━━━ PROVIDED MATERIAL

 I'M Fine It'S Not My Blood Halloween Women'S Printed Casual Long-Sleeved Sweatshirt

━━━━━━
━━━ PROVIDED MATERIAL

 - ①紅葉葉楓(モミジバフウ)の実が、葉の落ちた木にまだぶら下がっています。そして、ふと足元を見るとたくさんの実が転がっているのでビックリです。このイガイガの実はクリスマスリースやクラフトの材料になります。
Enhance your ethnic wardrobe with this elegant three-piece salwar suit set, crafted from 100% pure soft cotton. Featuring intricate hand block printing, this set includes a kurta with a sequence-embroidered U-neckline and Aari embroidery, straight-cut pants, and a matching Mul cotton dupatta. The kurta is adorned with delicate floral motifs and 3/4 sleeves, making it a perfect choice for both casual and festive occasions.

━━━━━━
━━━ PROVIDED MATERIAL

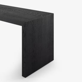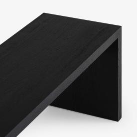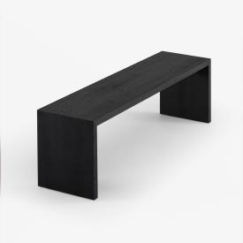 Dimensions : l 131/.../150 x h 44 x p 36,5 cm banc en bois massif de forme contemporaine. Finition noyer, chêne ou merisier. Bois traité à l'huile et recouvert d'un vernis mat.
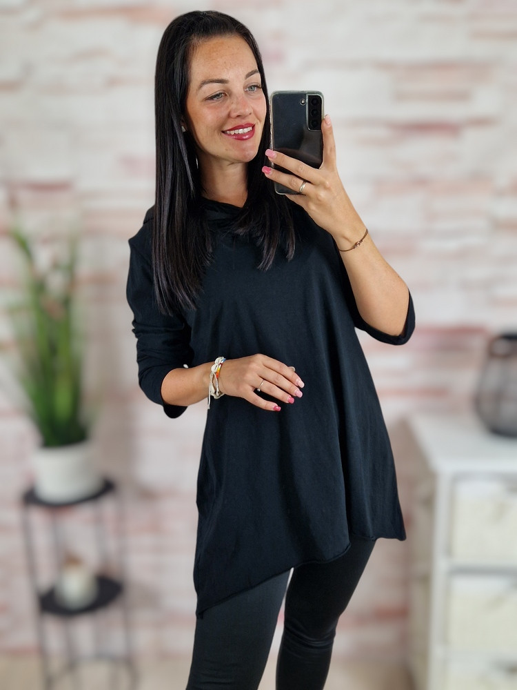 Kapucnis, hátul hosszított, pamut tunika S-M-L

━━━━━━

Restate word for word the lines of the data above that begin at the line with "Dimensions : l" and end at the line with "Kapucnis, hátul hosszított, pamut", keeping both ends and dropping every picture.

 Dimensions : l 131/.../150 x h 44 x p 36,5 cm banc en bois massif de forme contemporaine. Finition noyer, chêne ou merisier. Bois traité à l'huile et recouvert d'un vernis mat.
 Kapucnis, hátul hosszított, pamut tunika S-M-L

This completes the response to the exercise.